I guess it depends on how long you play and if your skin corrodes strings much or not.
I do not use any product... I just shine with a dry cloth when I change strings.
Some would "oil" the fretboard once in a while (yearly).
I do not wash my car frequently either, though. :-/


----------



## DaddyDog (Apr 21, 2017)

I have found the advice and products vary wildly based on what you mean by "cleaning". So watch out for that. Since you're new to guitars, and looking for what to do at a string change, here's what I do:

1. At the very least, oil the fretboard. I use the Dunlop bottle, available at every music shop. Apply generously, and gently wipe off the excess with a micro fibre towel. Let it sit for 5 minutes.

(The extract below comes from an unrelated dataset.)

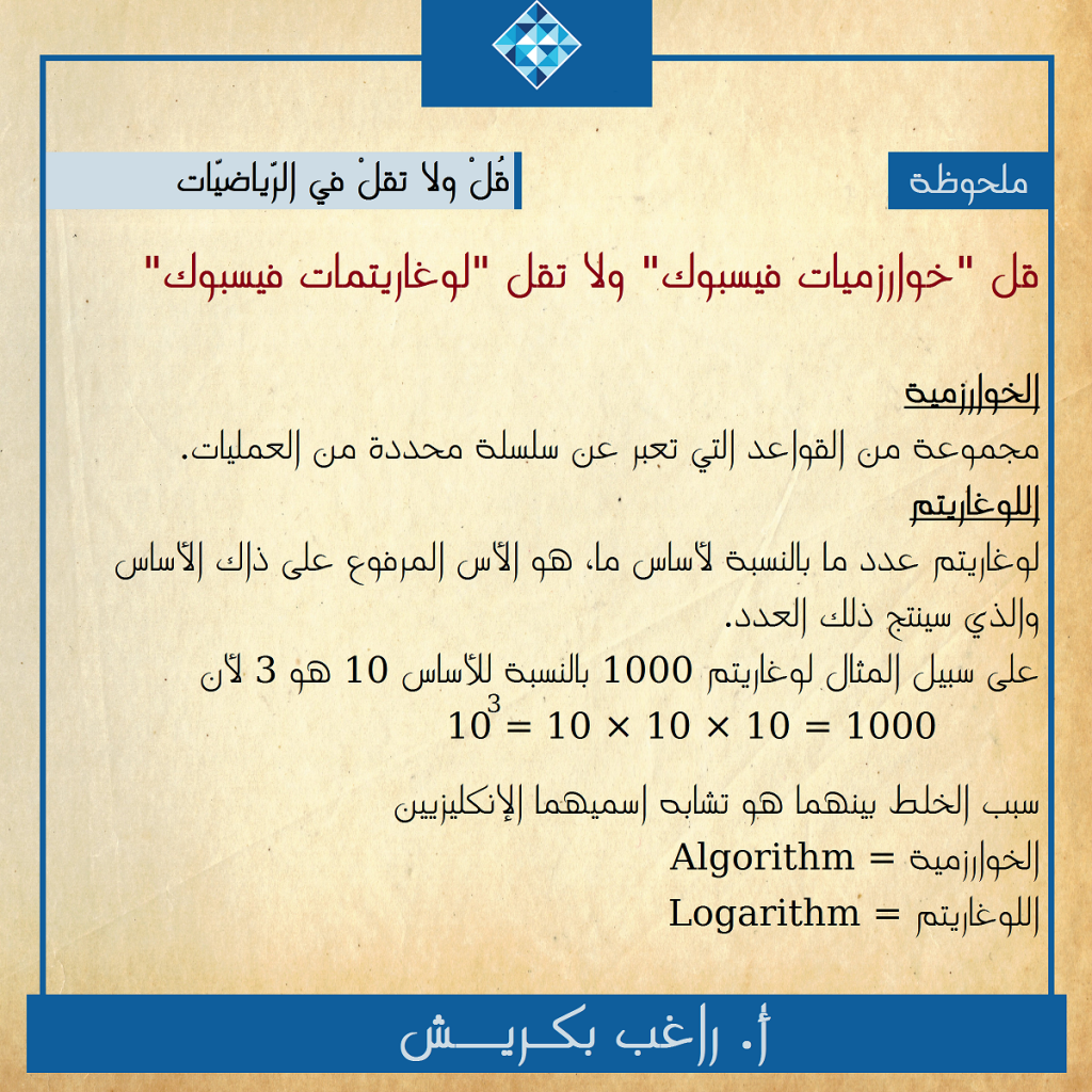 لماذا في الرياضيات يقولون اللوغاريتمات بدل الخوارزميات مع ان اللوغاريتم ترجمة ل كلمه خوارزم
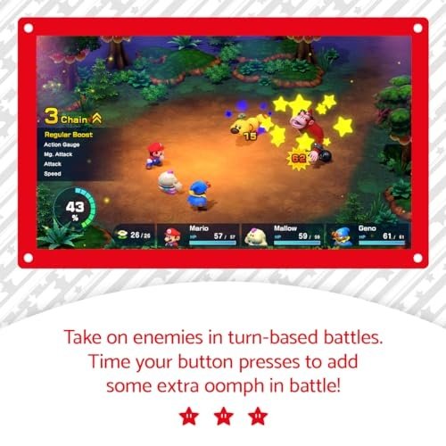 - Team up with an oddball group of heroes to save Star Road and stop the troublemaking Smithy Gang. This colourful RPG has updated graphics and cinematics that add even more charm to the unexpected alliance between Mario, Bowser, Peach, and original characters Mallow and Geno! Enter this world of eccentric allies and offbeat enemies in an RPG for everyone.

2. I use a piece of Miracle Cloth (has coconut oil) to polish the fret wires. It's amazing to see the black gunk that comes up. There was a thread here that discussed Miracle Cloth vs some other product. I've been using it ever since with terrific results.


----------



## knight_yyz (Mar 14, 2015)

Naptha. But you can't buy it in Canada. So you want Coleman Stove fuel which is Naptha


----------



## Sneaky (Feb 14, 2006)

The Steve Martin method?


----------



## Dorian2 (Jun 9, 2015)

I was unsure how to clean the body of my Seagull when I got it. I emailed them and they said a bit 0f mild soap and water for the body/neck. That's because of the type of finish used on this particular guitar though. If unsure use that with a fiber cloth, or just the fiber cloth like MawMow mentioned. There are other products that are safe as well in many situations which you've heard of above. I also use the Dunlop Lemon Oil for the fretboard every few string changes. Keeps it from drying out in some of the harsher weather we can get. Avoid pledge type lemon oil for furniture...just use the stuff made for guitars. If you haven't already, also look up how to restring properly with the proper number of winds around the tuning peg. It'll help you stay in tune better.


----------



## VanJansen (Jan 23, 2020)

Excellent - Appreciate the advice. I am amazed by the quick responses.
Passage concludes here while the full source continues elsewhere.